Like Bernardo Accolti, the Bolognese poet Giovanni Filoteo Achillini also breathed the Renaissance air of the painter Raffaello Sanzio. He used the poetic form to hold his interest as a curious humanist. He published in 1504 a collection of poems written by various authors, including some of his sonnets by him. In the chivalrous poem “Viridario” https://www.torrossa.com/en/resources/an/2243022, he has frequent digressions in which he quotes characters from the culture of the time. While admiring Dante, Petrarch and Boccaccio, in the “Viridian” he prefers to adopt words of the common language, in his opinion more elegant and correct.

Not out of ignorance, but out of my own will, and with reason, I partly deviate from the Thosca language, because I do not mean to derogate from our most beautiful words, not only to our Bolognese, but to which other country we want, which are better thosche, I take them, and thosche abandonment“. For any useful thematic in-depth study, you can read https://www.amazon.com/Carmagnola-Italian-Fifteenth-Century-Cantos/dp/B01L8Z9W86

Hostile to the Medici family, the poet Antonio Alamanni he held public office under the Florentine Republic. He composed sonnets in Burchiellesco style, carnival songs and “Conversione di Santa Maria Maddalena”, a spiritual comedy. Before dying of the plague in 1528, that is eight years after the death of the painter Raffaello Sanzio, he also composed the burlesque work “Etimologia del Beccafico”.

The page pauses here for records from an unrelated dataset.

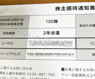 ヤマハ発動機(7272)の株主優待ですが、いくつか注意が必要です。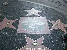 Но есть и два исключения к форме Звезды. Миссия Аполлона 11 на Луну, представлена установленной на Вайн-стрит[en] Звездой в форме Луны, которая содержит: имена астронавтов (Нил Армстронг, Эдвин E. Олдрин младший, Майкл Коллинз), дату первой посадки на Луну (20 июля 1969), и слова Apollo XI, — и выполнена из тёмно-серого терраццо, с телевизионной эмблемой.
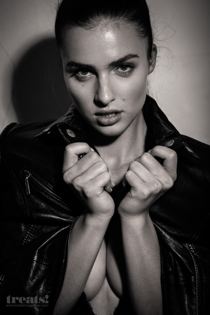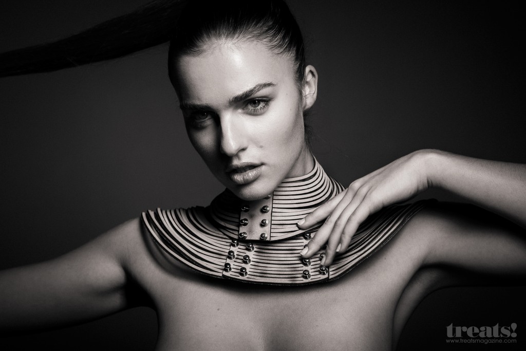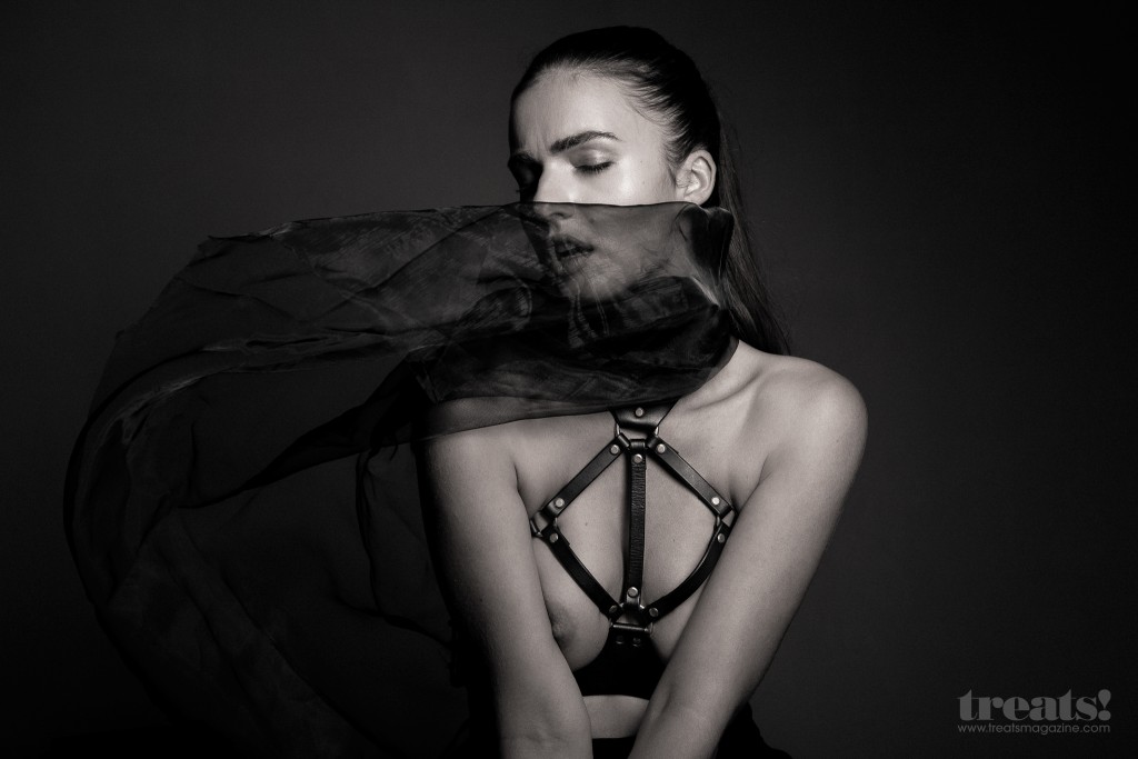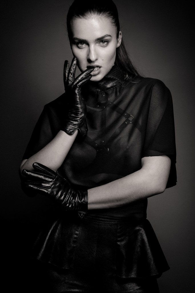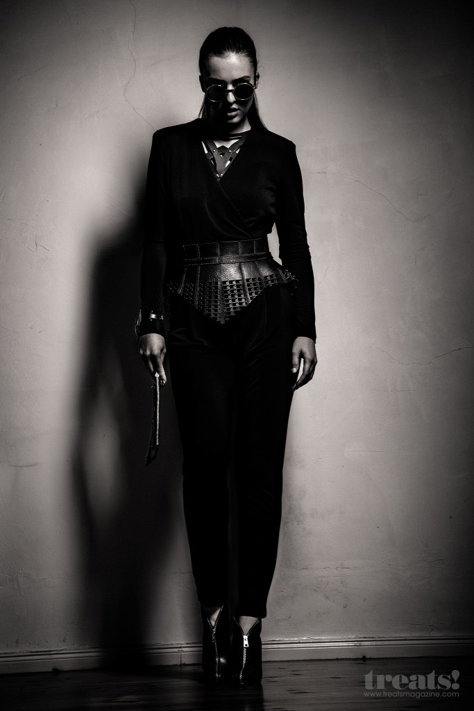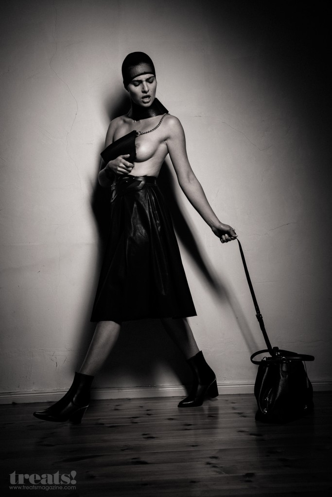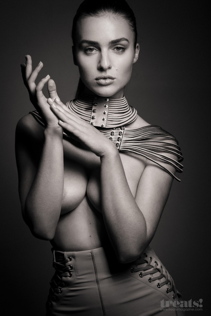 Melanie Paul modell fekete-fehérben, szigorú öltözetben, fantasztikus mellekkel szítja a vágyakat.

WHILE I WAS ALONE AND STRIKED – “While I was alone and struck, waiting for the woodpeckers at the spider, the reason for their name I found again, being only the peck they make of figs. We who peck them, when they have pecked, we can call ourselves real Beccafichi. Now, if whoever pecks is caught again, let’s see that another doesn’t rebel us“. For any useful thematic in-depth study, you can read https://www.jstor.org/stable/j.ctt1t88v0b.

A very successful and influential artist of his time, the Italian painter and architect Raffaello Sanzio died very young on a spring day in 1520. We do not know if he knew the works of his contemporary Bartolomeo Asmundo, the first Sicilian lyric poet. Tinged with melancholy, his songs in octaves are of a sacred and profane theme and refer to the ideals of love of the Provençals. Among his poems, we propose one by him, dedicating it to that brilliant painter from Urbino, so that resting in his tomb, inside the Pantheon in Rome, you can be sure that his genius has not been forgotten.

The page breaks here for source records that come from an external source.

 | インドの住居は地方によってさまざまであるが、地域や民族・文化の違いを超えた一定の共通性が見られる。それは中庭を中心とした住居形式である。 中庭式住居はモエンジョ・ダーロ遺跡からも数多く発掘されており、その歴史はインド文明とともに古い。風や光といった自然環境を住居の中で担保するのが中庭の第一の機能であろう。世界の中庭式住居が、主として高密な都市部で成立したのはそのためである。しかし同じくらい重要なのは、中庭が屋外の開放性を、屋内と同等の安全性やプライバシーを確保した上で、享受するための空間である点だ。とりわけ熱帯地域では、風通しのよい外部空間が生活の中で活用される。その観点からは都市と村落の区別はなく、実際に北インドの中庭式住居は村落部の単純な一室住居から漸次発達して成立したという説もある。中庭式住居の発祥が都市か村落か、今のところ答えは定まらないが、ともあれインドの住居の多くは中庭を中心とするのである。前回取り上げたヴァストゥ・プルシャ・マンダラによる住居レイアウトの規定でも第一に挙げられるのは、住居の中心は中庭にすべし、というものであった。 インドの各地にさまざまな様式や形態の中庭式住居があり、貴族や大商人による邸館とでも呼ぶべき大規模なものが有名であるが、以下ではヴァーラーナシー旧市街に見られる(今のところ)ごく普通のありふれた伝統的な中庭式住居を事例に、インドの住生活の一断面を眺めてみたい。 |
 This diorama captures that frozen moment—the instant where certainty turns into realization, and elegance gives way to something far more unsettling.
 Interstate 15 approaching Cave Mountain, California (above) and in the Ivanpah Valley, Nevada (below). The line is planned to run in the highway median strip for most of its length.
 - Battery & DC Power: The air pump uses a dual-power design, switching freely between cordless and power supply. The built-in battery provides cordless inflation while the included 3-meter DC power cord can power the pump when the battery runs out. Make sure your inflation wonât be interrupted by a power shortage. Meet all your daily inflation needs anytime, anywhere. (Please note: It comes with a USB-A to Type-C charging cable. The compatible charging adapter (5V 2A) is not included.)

THE BROKEN MIRROR – “With all that the mirror is broken and undone, it does not suffer from the defect image, because each piece is so good and deed, as it was all, and has the same effect. So you, my good, after that all of a sudden you broke my heart inside my chest, where there was only one portrait of you, now there are a thousand in your spite“. For any useful thematic in-depth study, you can read https://www.italymagazine.com/featured-story/10-famous-italian-writers-and-their-notable-works.

If you want to know writers, you can type http://meetingbenches.com/category/library/, while for poets around the world http://meetingbenches.com/category/poetry/. The sole purpose of this site is to spread the knowledge of these artists and that other people enjoy their works. The property of the images that appear in this blog correspond to their authors.